The opencl filter is a shortcut for opencl-image | opencl-buffer | smoke-opencl. gpu covers everything OpenCL + Vulkan.

Per-stage type — what each kind covers

`unit/cpu/*` — host CPU correctness

The plain-CPU sweep across the registered C++ tests. Variants in test_stages.json:

unit/cpu/all — single-thread, Precision_Normal, broadest sanity check.
unit/cpu/op-mt — 4-thread, op-only (prefix: "op"). Catches threadpool races.
unit/cpu/op-fp16-conv — Precision_Low, only convolution tests. Exercises the FP16 ARM82 path without the rest of the suite.
unit/cpu/op-fp16-col2im, unit/cpu/op-fp16-roi — narrow FP16 sweeps for ops that are particularly sensitive.
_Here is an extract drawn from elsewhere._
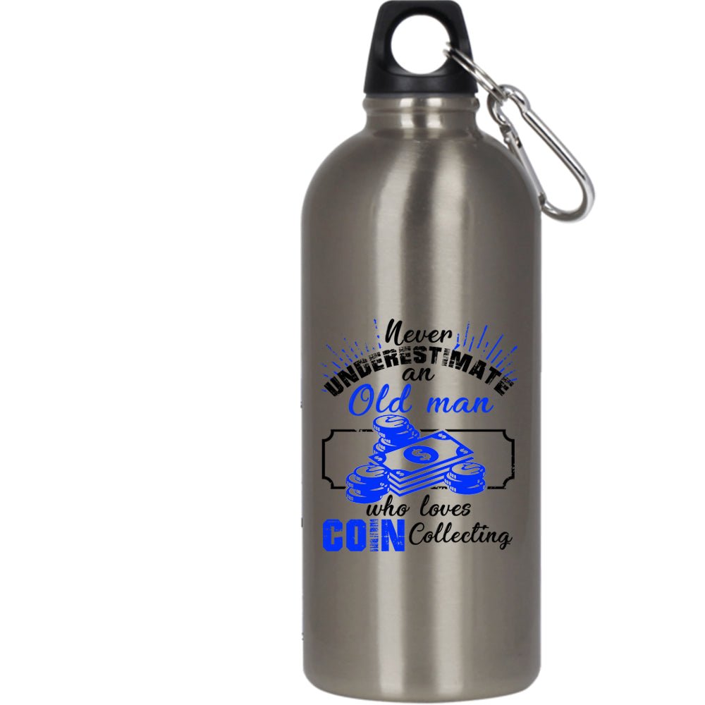 An Old Man Loves Coin Collecting 20 oz Stainless Steel Bottle,Cute Grandpas Outdoor Sports Water Bottle

`unit/opencl/` and `unit/vulkan/` — GPU correctness

GPU stages run with TUNING_NONE because we want correctness, not perf — TUNING_WIDE adds many seconds of per-kernel auto-tuning that's wasted on a single-shot run. Bench stages flip back to TUNING_WIDE since perf is the point there.
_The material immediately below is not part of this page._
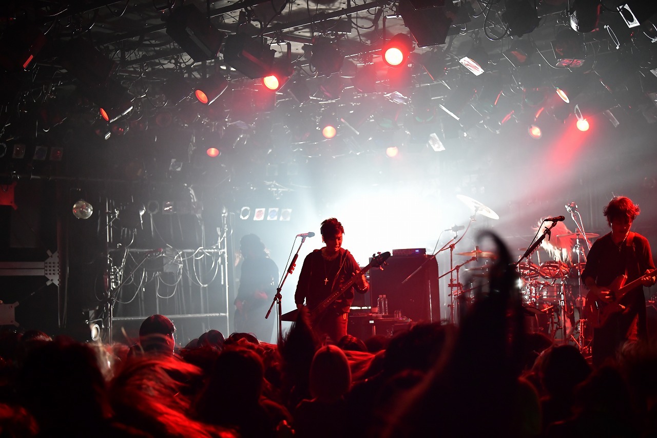SEが流れ、お馴染みかつ最強のサポートメンバーである原田喧太(Gt)、Kyrie(Gt)、CHARGEEEEEE…(Dr)に続いてka-yu(Ba)が登場。待ってましたとばかりにフロアからはka-yuの名前を呼ぶ声が飛び交い、ka-yuは嬉しそうな表情を浮かべる。

unit/opencl/op — OpenCL with MEMORY_IMAGE (gpuMode 129).
unit/opencl/op-buffer — OpenCL with MEMORY_BUFFER (gpuMode 65). Critical for catching regressions in BUFFER-only creators (e.g. Attention) that the IMAGE path masks via CPU fallback.
unit/vulkan/op — Vulkan with TUNING_NONE (gpuMode 1). Vulkan ignores MEMORY_* bits; image-vs-buffer is selected at build time via the MNN_VULKAN_IMAGE CMake option.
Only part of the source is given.